The Illinois Appellate Court’s recent decision in Gastroenterology Consultants of North Shore, S.C. v. Meiselman, 2013 IL App (1st) 123692 illustrates the limits on enforcement of restrictions on solicitation of former patients in physician employment agreements in Illinois.

The case involved a gastroenterologist, Dr. Mick Meiselman, who had been associated for more than 15 years with a gastroenterologist group, Gastroenterology Consultants of the North Shore, S.C., which he and several other physicians incorporated and for which they subsequently became employees. Dr. Meiselman’s employment agreement contained a restrictive covenant that prohibited him for 36 months following termination of the agreement from soliciting the group’s patients or treating any of its patients directly or in connection with any entity engaged in a competitive business and located within a 15-mile radius of each of the group’s offices and the Evanston Hospital facilities. After Dr. Meiselman ended his employment and accepted a position with NorthShore University HealthSystem Medical Group, Inc., Gastroenterology Consultants accused him of violating the non-solicitation clause and accordingly sought a court order enjoining such violation. By his own admission, Dr. Meiselman treated any patient who sought his services, including patients he had previously treated at Gastroenterology Consultants.

Both the trial and appellate court, however, agreed that enforcement of the restrictive covenant was unwarranted. The critical factor to the courts was that Gastroenterology Consultants lacked a “legitimate business interest” in need of protection. Thus, according to the courts, the restrictive covenant was not reasonable.

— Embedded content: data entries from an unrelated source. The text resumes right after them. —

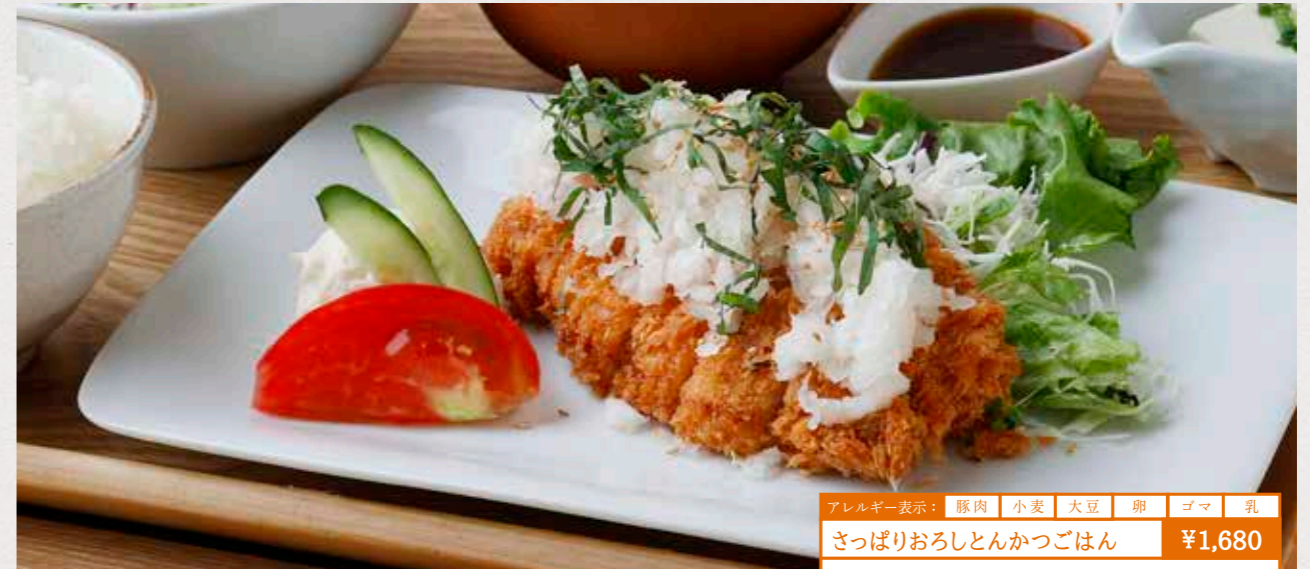
アレルギー表示: 豚肉 小麦 大豆 卵 ゴマ 乳 さっぱりおろしとんかつごはん ¥1,680 食感も楽しめる鬼おろしと刻み大葉にポン酢でさっぱりと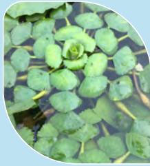
Châtaigne d'eau Trapa natans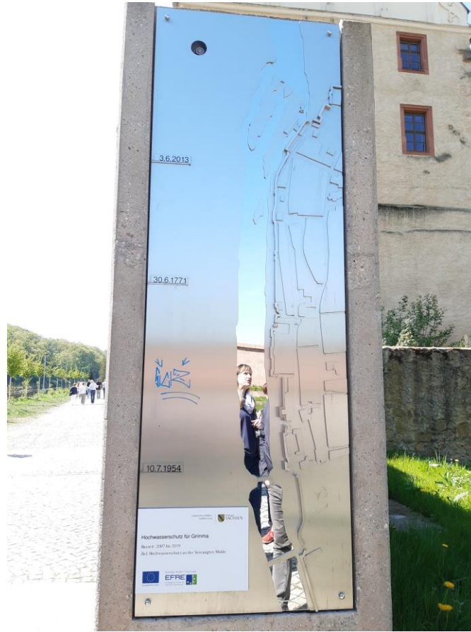
Les niveaux des inondations subies par Grimma.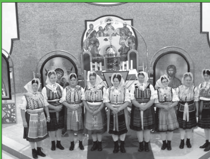
▲ На фото співацька група зо Шарішского Ястрабя.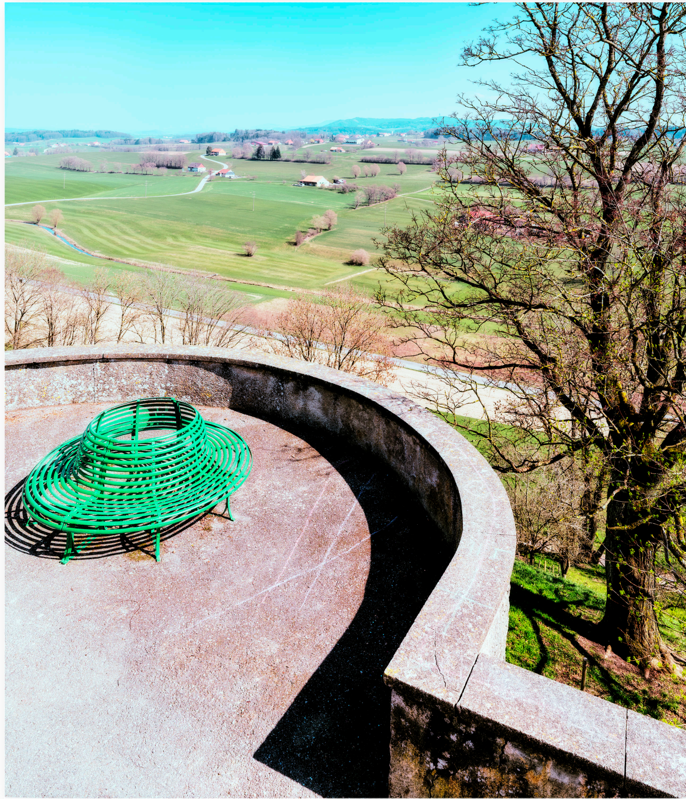
Sitzbank in Romont (2019)

The appeals court identified several facts that undercut Gastroenterology Consultants’ claim to a legitimate business interest to be protected by the restrictive covenant. Prior to the group’s incorporation, Dr. Meiselman practiced gastroenterology for approximately 10 years in the same service area, treating thousands of patients. From the very beginning of his association with the group, Dr. Meiselman continued treating patients and accepted referrals from physicians with whom he had developed relations before affiliating with the group. He further maintained independent relationships with his patients, and the group did not introduce him to either his patients or his physician-referral sources. Although the group provided administrative support to Dr. Meiselman’s practice, it did not advertise, promote, or market it. Dr. Meiselman, moreover, billed for his services, and his compensation was based upon the revenue generated by his independent practice, which had its own office and telephone number. In sum, the court held, there was no evidence that the group established a “near-permanent relationship” with the patients treated by Dr. Meiselman.

While the validity of a restrictive covenant will ultimately turn on the particular circumstances in a given case, the court’s analysis provides physician groups and other entities with useful considerations in drafting and enforcing restrictive covenants in physician employment agreements.